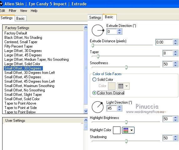 Effets>Modules Externes>Alien Skin Eye Candy 5 Impact - Extrude
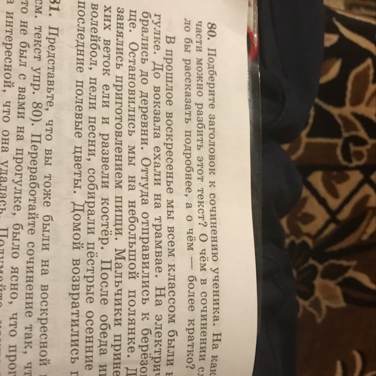 Подберите заголовок к сочинению ученика.На какие части можно разбить этот текст?о чем в сочинении следовало бы рассказать подробнее ,а о чем более кратко. Помогите пожалуйста
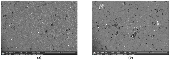 As the sintering temperature is increased to 550 °C (Figure 6), the microporosity in both primary and secondary alloys decrease significantly. The porosity becomes very limited, isolated, and lacks interconnections, well within the standardized limits for this type of material. This increase in densification is expected to positively impact the final mechanical properties. In both materials, the FCC_A2 phase remains the dominant continuous phase in the microstructure. It is noteworthy that despite the elevated sintering temperature, the secondary phase remains stable and exhibits similar percentages in both the primary material (Figure 6a) and recycled material (Figure 6b). However, the morphology of the particles differs, with a finer and more uniform distribution in the material obtained from primary aluminum.
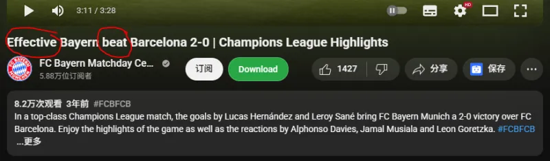 不仅如此,拜仁youtube人员还非常鸡贼的使用了“高效”的形容拜仁在集锦里四次威胁进攻两次是远射剩下两次是进球。以及有意使用双关词“beat”。
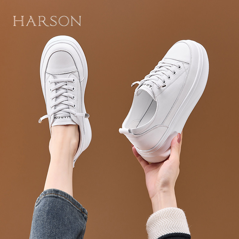 哈森真皮内增高鞋子厚底板鞋新款春季春款爆款休闲小白鞋女鞋
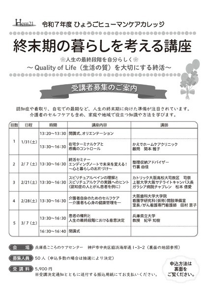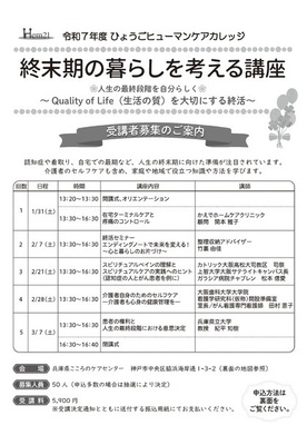 【他団体】〈兵庫県こころのケアセンター〉令和7年度ひょうごヒューマンケアカレッジ 「終末期の暮らしを考える講座」受講者募集のご案内
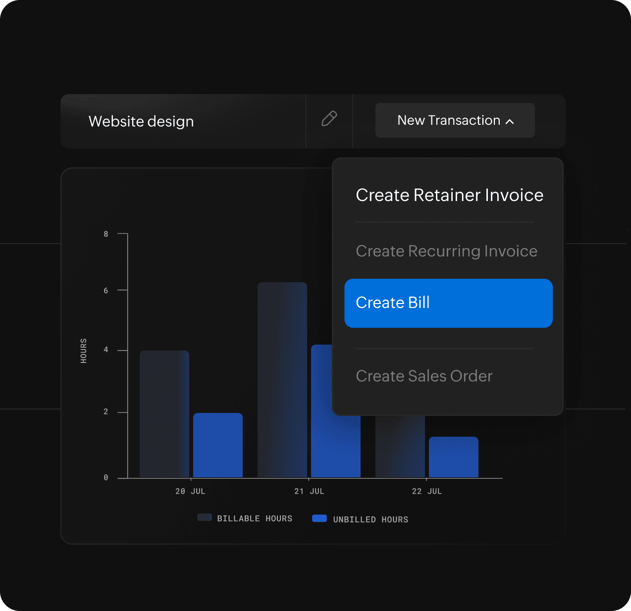 We get it; one-size-fits-all billing doesn't work for projects. Here's how Zoho Books helps you get paid for your work, letting you customize your billing to align perfectly with your project's demands.
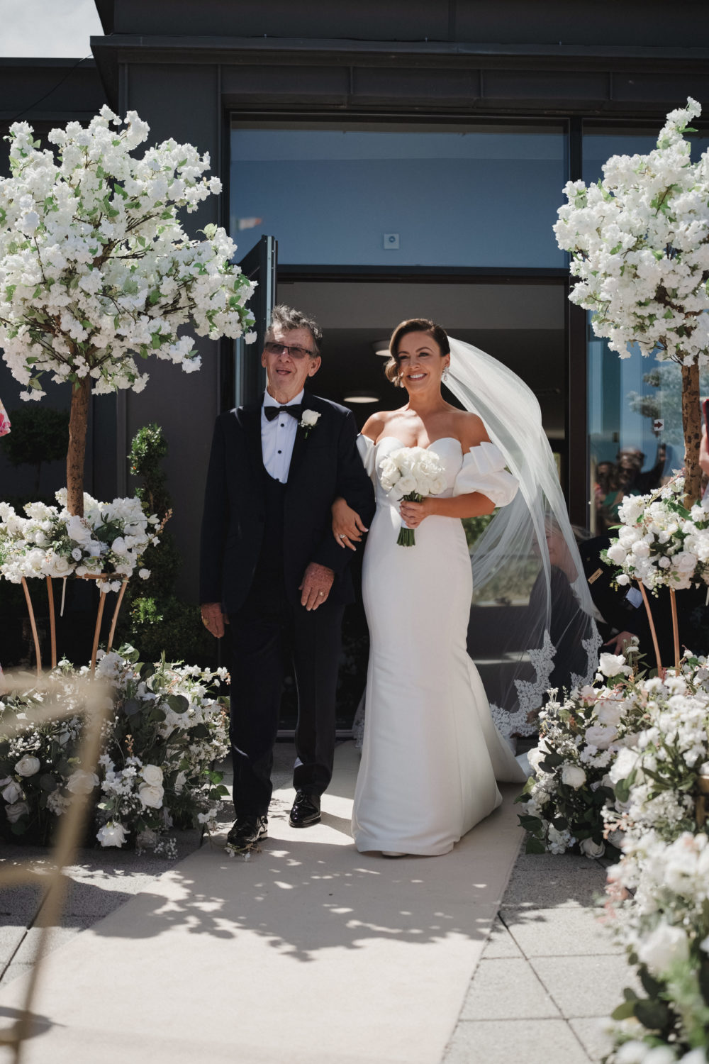 Overlooking its namesake on the banks of the River Boyne, Trim Castle Hotel boasts a magnificent open-air rooftop garden terrace that acted as the stunning venue for the wedding of Tanya Cunningham and Keith McIvor on the 13th of July 2025. Photographed by Kevin Curry Photography, their romantic, unseasonably sunny ceremony set the tone for a day filled with laughter, music, and heartfelt moments.
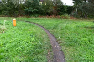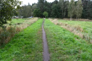 Obszar z nawierzchnią przepuszczalną w miejscach, w których już odbywał się ruch rowerowy i pieszy, wykonany np. z wykorzystaniem kruszywa naturalnie stabilizowanego lub bruku na podbudowie żwirowej. Dopuszcza się utwardzenie głównych ciągów komunikacyjnych kruszywem stabilizowanym lub inną technologią zapewniającą równą, dostępną powierzchnię dla wózków i rowerów
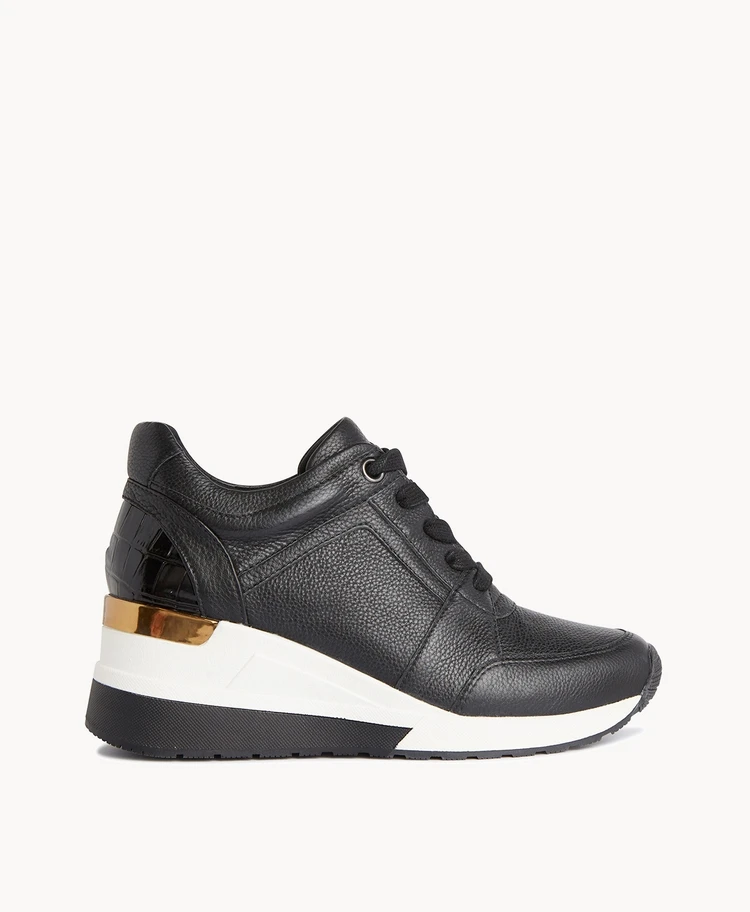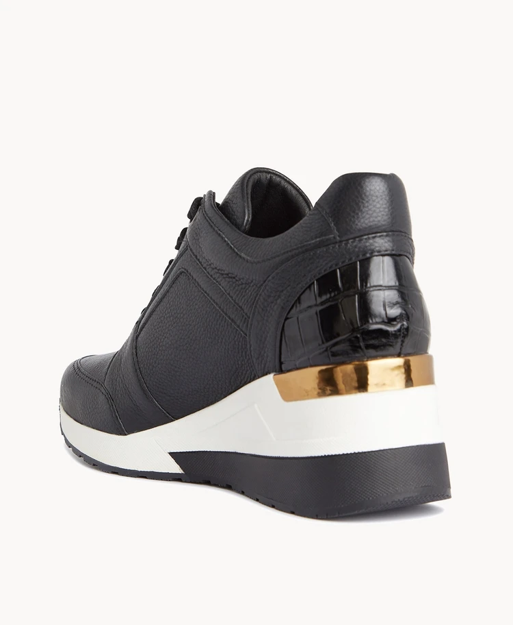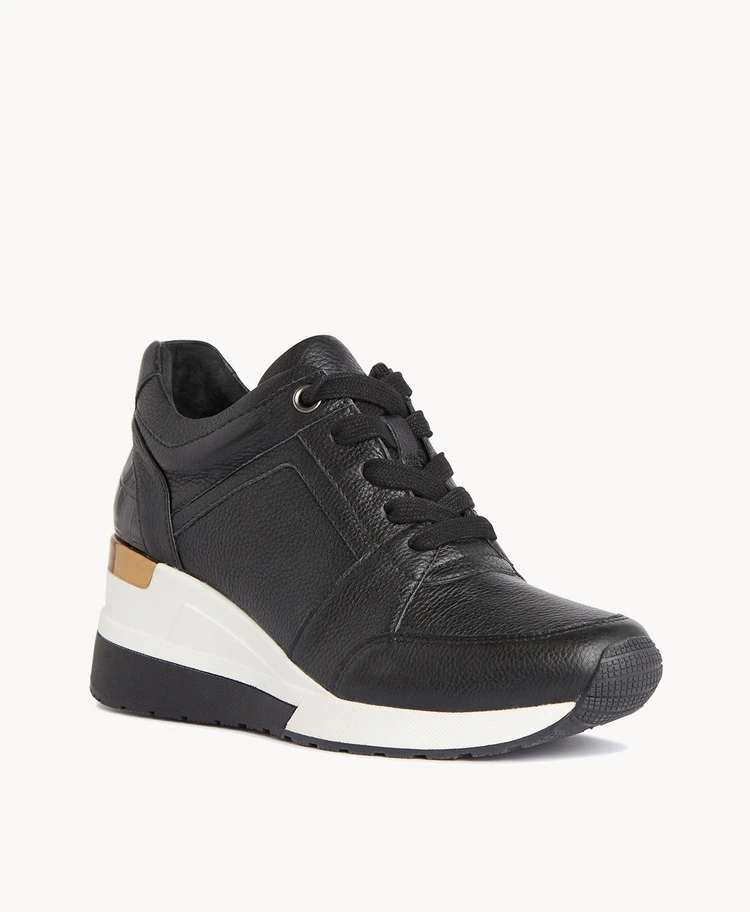 Our dynamic Hero sneaker is set on a wedge sole with combo leather details that are bold and stylish. Match the leather to your favourite tote as a finishing touch.

Aim of the exercise |
Only the text of the records belongs in the answer; reproduce it verbatim, with no pictures.

Task output |
 Effets>Modules Externes>Alien Skin Eye Candy 5 Impact - Extrude
 Подберите заголовок к сочинению ученика.На какие части можно разбить этот текст?о чем в сочинении следовало бы рассказать подробнее ,а о чем более кратко. Помогите пожалуйста
 As the sintering temperature is increased to 550 °C (Figure 6), the microporosity in both primary and secondary alloys decrease significantly. The porosity becomes very limited, isolated, and lacks interconnections, well within the standardized limits for this type of material. This increase in densification is expected to positively impact the final mechanical properties. In both materials, the FCC_A2 phase remains the dominant continuous phase in the microstructure. It is noteworthy that despite the elevated sintering temperature, the secondary phase remains stable and exhibits similar percentages in both the primary material (Figure 6a) and recycled material (Figure 6b). However, the morphology of the particles differs, with a finer and more uniform distribution in the material obtained from primary aluminum.
 不仅如此,拜仁youtube人员还非常鸡贼的使用了“高效”的形容拜仁在集锦里四次威胁进攻两次是远射剩下两次是进球。以及有意使用双关词“beat”。
 哈森真皮内增高鞋子厚底板鞋新款春季春款爆款休闲小白鞋女鞋
 【他団体】〈兵庫県こころのケアセンター〉令和7年度ひょうごヒューマンケアカレッジ 「終末期の暮らしを考える講座」受講者募集のご案内
 We get it; one-size-fits-all billing doesn't work for projects. Here's how Zoho Books helps you get paid for your work, letting you customize your billing to align perfectly with your project's demands.
 Overlooking its namesake on the banks of the River Boyne, Trim Castle Hotel boasts a magnificent open-air rooftop garden terrace that acted as the stunning venue for the wedding of Tanya Cunningham and Keith McIvor on the 13th of July 2025. Photographed by Kevin Curry Photography, their romantic, unseasonably sunny ceremony set the tone for a day filled with laughter, music, and heartfelt moments.
 Obszar z nawierzchnią przepuszczalną w miejscach, w których już odbywał się ruch rowerowy i pieszy, wykonany np. z wykorzystaniem kruszywa naturalnie stabilizowanego lub bruku na podbudowie żwirowej. Dopuszcza się utwardzenie głównych ciągów komunikacyjnych kruszywem stabilizowanym lub inną technologią zapewniającą równą, dostępną powierzchnię dla wózków i rowerów
 Our dynamic Hero sneaker is set on a wedge sole with combo leather details that are bold and stylish. Match the leather to your favourite tote as a finishing touch.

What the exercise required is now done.